| Description of the task |
Below are the entries; give again exactly the lines from the one mentioning "ホンジュラスのSavannah Bightから北東228kmの地点 |" through the one mentioning "Gas Gas MC50", inclusive.

| Records provided |
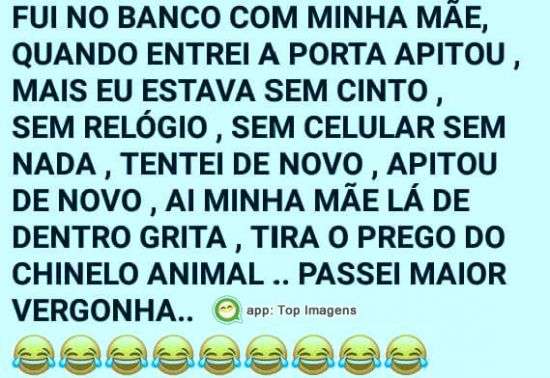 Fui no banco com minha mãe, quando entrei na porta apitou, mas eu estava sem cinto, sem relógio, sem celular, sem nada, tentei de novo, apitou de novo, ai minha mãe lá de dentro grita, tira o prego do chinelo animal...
* * *
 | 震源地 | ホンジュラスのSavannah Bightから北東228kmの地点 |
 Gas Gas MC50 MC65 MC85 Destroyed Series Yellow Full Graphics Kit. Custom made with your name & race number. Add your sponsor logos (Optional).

| Output for this exercise |
 | 震源地 | ホンジュラスのSavannah Bightから北東228kmの地点 |
 Gas Gas MC50 MC65 MC85 Destroyed Series Yellow Full Graphics Kit. Custom made with your name & race number. Add your sponsor logos (Optional).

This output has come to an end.